Your job is to accept them where they are at and then find ways to attract them into a change process.
How might I move them from not being interested at all to where they might be ambivalent and thinking maybe there is something to that?
For example, in the political realm or in the stigma realm, how can I move them from “Not interested at all” to “Well, maybe I should consider that.”
One of the ways in medical school addiction training is to have a person in long-term recovery talk to the medical students about their journey from active harmful addiction to recovery.
It gives students a glimpse, through that story of a real person’s pain of addiction, and their joy of recovery.
That inspiring story might not move a student all the way to want to work with people with addiction. But it might move them from Precontemplation (not interested at all) to Contemplation — maybe I need to change my attitudes about addiction from thinking “They're a bunch of losers who are weak-willed” to "Maybe it's an illness that I, as a helping person and a medical student could really be part of."
Attracting people into a change process, not mandating or shaming people into a change process.
None of this process will flow unless and until you have examined your own attitudes, beliefs and skills to be:
Curious about the individual, non-judgmental and to practice deep-listening, starting with compassion, acceptance and respect for that other human being.
The antidote to an attitude of “I'm going to change the world and make these people think and behave better” is a Rumi quote:
“Yesterday I was clever, so I wanted to change the world. Today I am wise, so I am changing myself.” ― Rumi
A question in the interview that tapped into the SOUL of me was: "How would you describe your relationship with yourself today?"
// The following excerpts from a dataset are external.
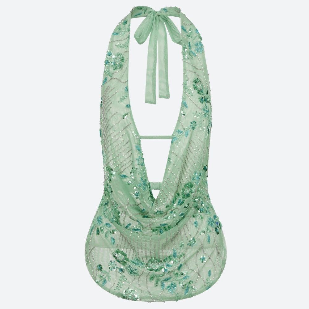 This plunge neck sequined beaded top sports a mint-green chiffon base embroidered with shimmering sequins and glass beads. The deep V neckline flows into a draped cowl back with layered straps that tie at the neck. Lightweight and sculpted, it pairs well with high-waisted skirts or trousers for elegant occasions or evening styling.
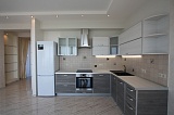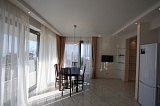 В квартире просторная гостиная, кухня с теплым полом, две просторные спальни, два раздельных сан. узла и просторный балкон-терраса с панорамой синего моря.
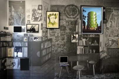 "Tel un décor de film, j’ai rendu mon "salon" transportable et métamorphosable, à travers une installation qui, à la manière d’un grand collage photographique, juxtapose des univers en mêlant œuvres, objets, pour ouvrir un voyage à la fois poétique, historique et interroger le spectateur sur la place et le rôle de l’art ainsi que sur l’évolution de l’espace de communication dans notre quotidien, dans nos vies."

When my wife passed away very suddenly about five and a half years ago (at the time of the interview), it raised several awarenesses and existential questions:
Can I live with myself by myself?
When you are married for 46 years, and have a family and busy career, you're almost on automatic pilot of day-to-day living the family and career life.
Then when you are suddenly alone, it brings back all of the things that I taught but maybe didn't live: You are responsible for your own happiness. It is nobody else's job to make you happy. You don't have to be alone, you can form relationships.
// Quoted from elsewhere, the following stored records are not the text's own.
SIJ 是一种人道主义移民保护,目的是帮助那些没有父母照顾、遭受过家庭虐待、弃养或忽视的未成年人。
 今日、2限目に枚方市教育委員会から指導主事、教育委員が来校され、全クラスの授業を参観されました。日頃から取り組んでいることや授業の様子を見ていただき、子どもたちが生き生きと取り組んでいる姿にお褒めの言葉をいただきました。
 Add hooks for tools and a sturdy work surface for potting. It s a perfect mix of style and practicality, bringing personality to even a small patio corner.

Am I going to “walk the talk”? Or will I now try to find somebody else to fill the void or use my career to work harder to take care of the pain?
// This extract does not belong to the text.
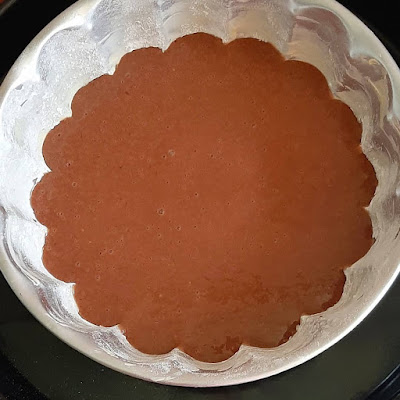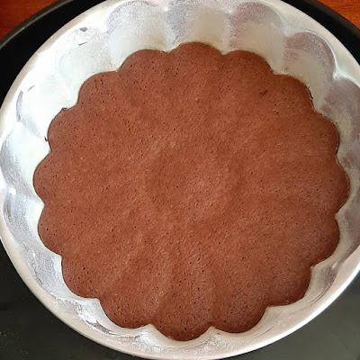 ندهن المول ندرو طبقة الأولى بالكاكاو ونطيبوها 7دقائق ونخرجوها

How do I actually live with the relationship I’ll have to the day I die ― the relationship with myself?
Is there really self-love and the ability to be alone?
I've seen other people who lost their loved one very suddenly. I think of a particular man who married again very quickly within a few months, only to have that marriage end in divorce within a year. He never really healed from his loss and was trying to cope by getting into another relationship. So it was a time of reflection that helped me feel much more grounded in:
I could live alone if I needed to. But I also enjoy a relationship where both people are committed to be responsible for their own happiness.
From a position of wholeness, I can now come together and have an even better partnership and joy because no one is relying on the other person to make them happy.
It is not their responsibility to respect me, so I respect myself.
It is not their responsibility to love me so that I can love myself.
It's from loving yourself that you can then come in wholeness to another relationship and have an even better, joyful experience together.
There will always be bumps and triggers that come up, but those bumps are opportunities for growth and expansion, not for blame or displeasure with your partner.
That's probably more information than you wanted, but that's where I'm at in my relationship with myself.
Interviewer Heather Haslem: "I find it fascinating and I'm sure listeners will find it fascinating and appreciate it. I think most of the people who listen are on this journey of human discovery, and growth. And so getting to hear about your journey is a true gift. Thank you for sharing it with us."
Thank you for joining us this month. See you in late May.